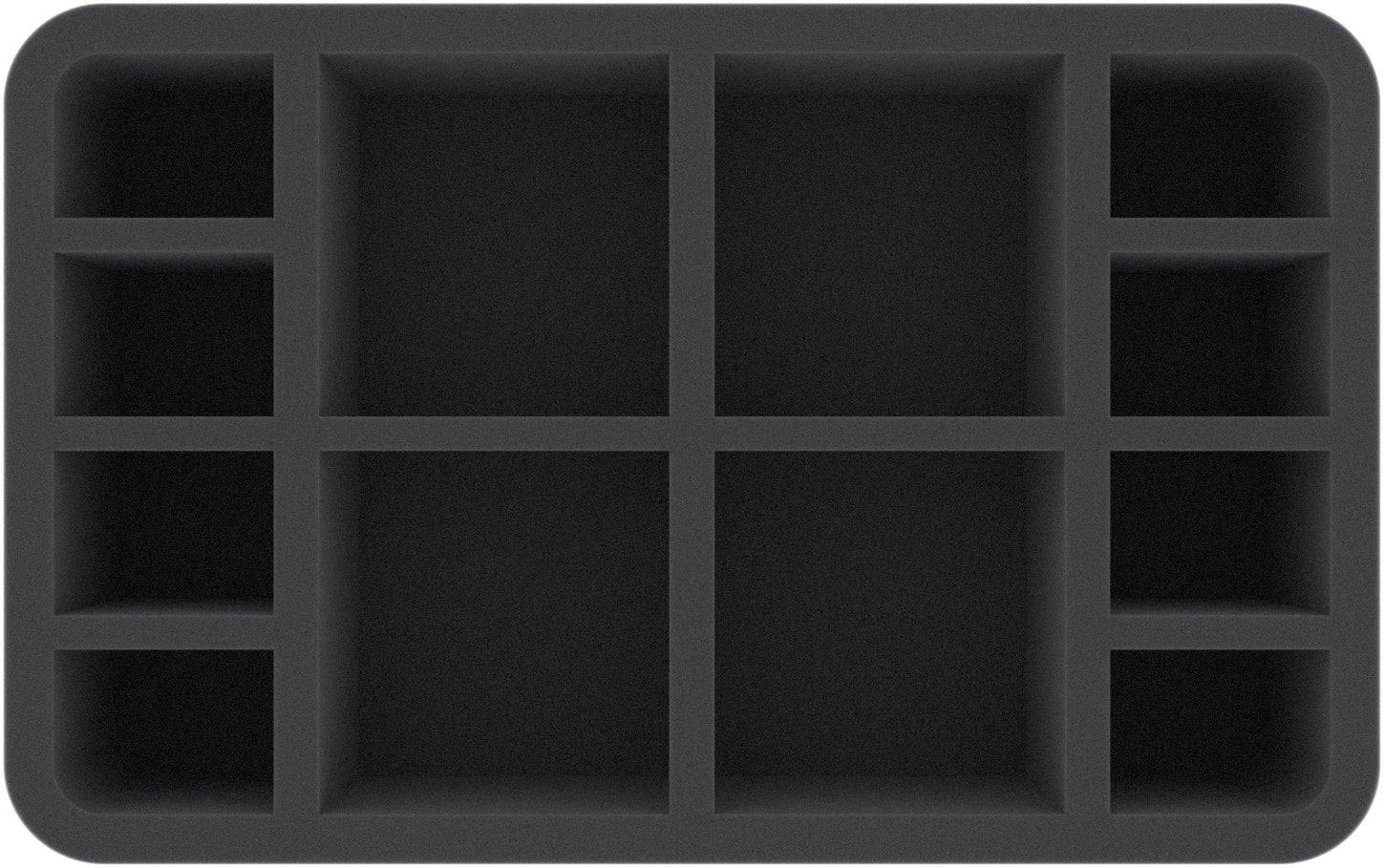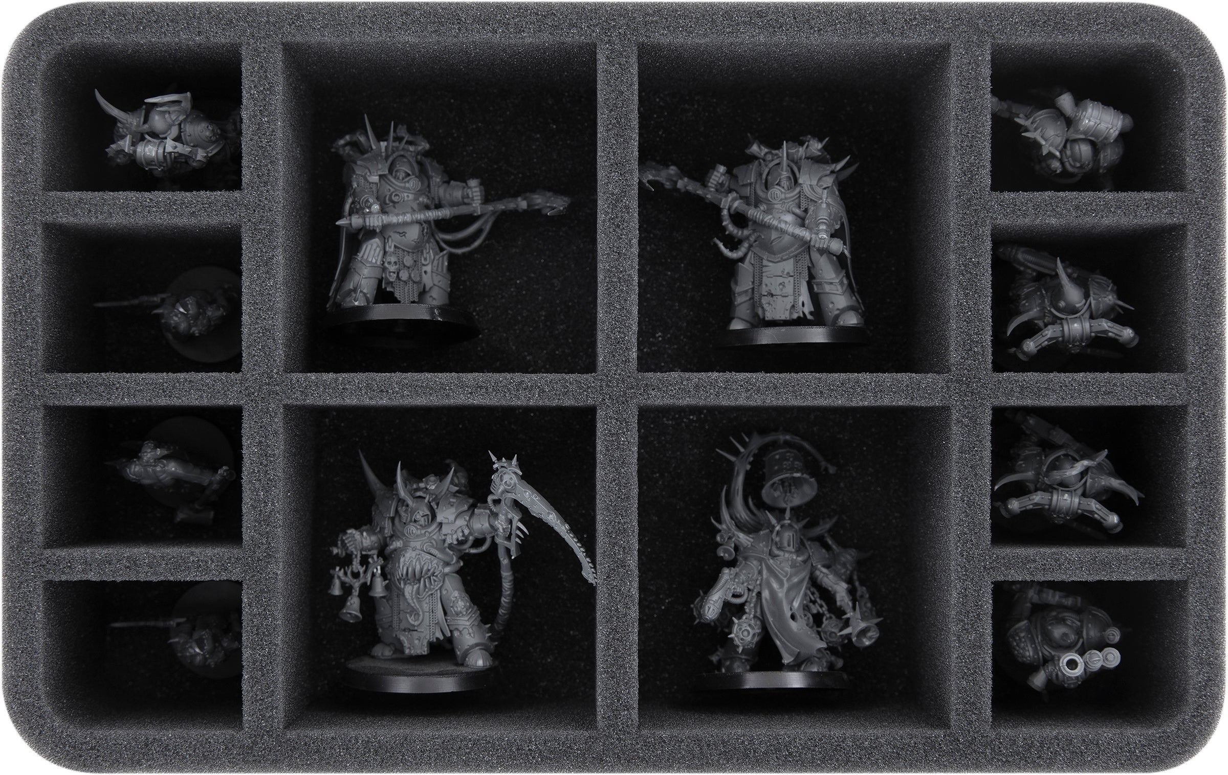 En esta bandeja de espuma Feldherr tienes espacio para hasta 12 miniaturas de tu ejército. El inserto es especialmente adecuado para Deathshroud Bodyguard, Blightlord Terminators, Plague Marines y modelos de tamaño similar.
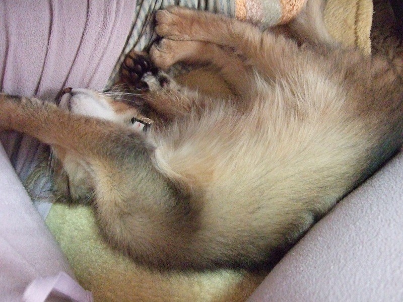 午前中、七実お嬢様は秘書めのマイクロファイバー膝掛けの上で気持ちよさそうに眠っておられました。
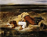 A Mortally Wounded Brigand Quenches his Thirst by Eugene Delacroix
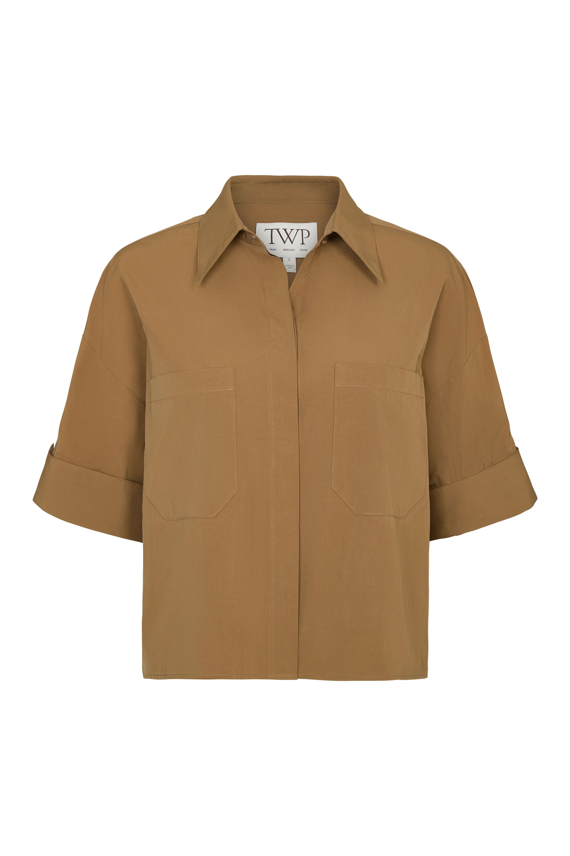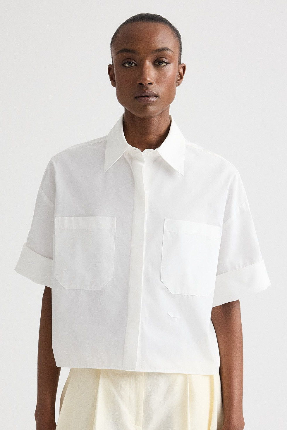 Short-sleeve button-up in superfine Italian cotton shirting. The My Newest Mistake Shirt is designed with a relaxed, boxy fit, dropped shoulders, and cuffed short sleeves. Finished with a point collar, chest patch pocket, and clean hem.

Try it | Your reply should be the full data above, copied exactly, with no pictures in it.

Final answer |
 En esta bandeja de espuma Feldherr tienes espacio para hasta 12 miniaturas de tu ejército. El inserto es especialmente adecuado para Deathshroud Bodyguard, Blightlord Terminators, Plague Marines y modelos de tamaño similar.
 午前中、七実お嬢様は秘書めのマイクロファイバー膝掛けの上で気持ちよさそうに眠っておられました。
 A Mortally Wounded Brigand Quenches his Thirst by Eugene Delacroix
 Short-sleeve button-up in superfine Italian cotton shirting. The My Newest Mistake Shirt is designed with a relaxed, boxy fit, dropped shoulders, and cuffed short sleeves. Finished with a point collar, chest patch pocket, and clean hem.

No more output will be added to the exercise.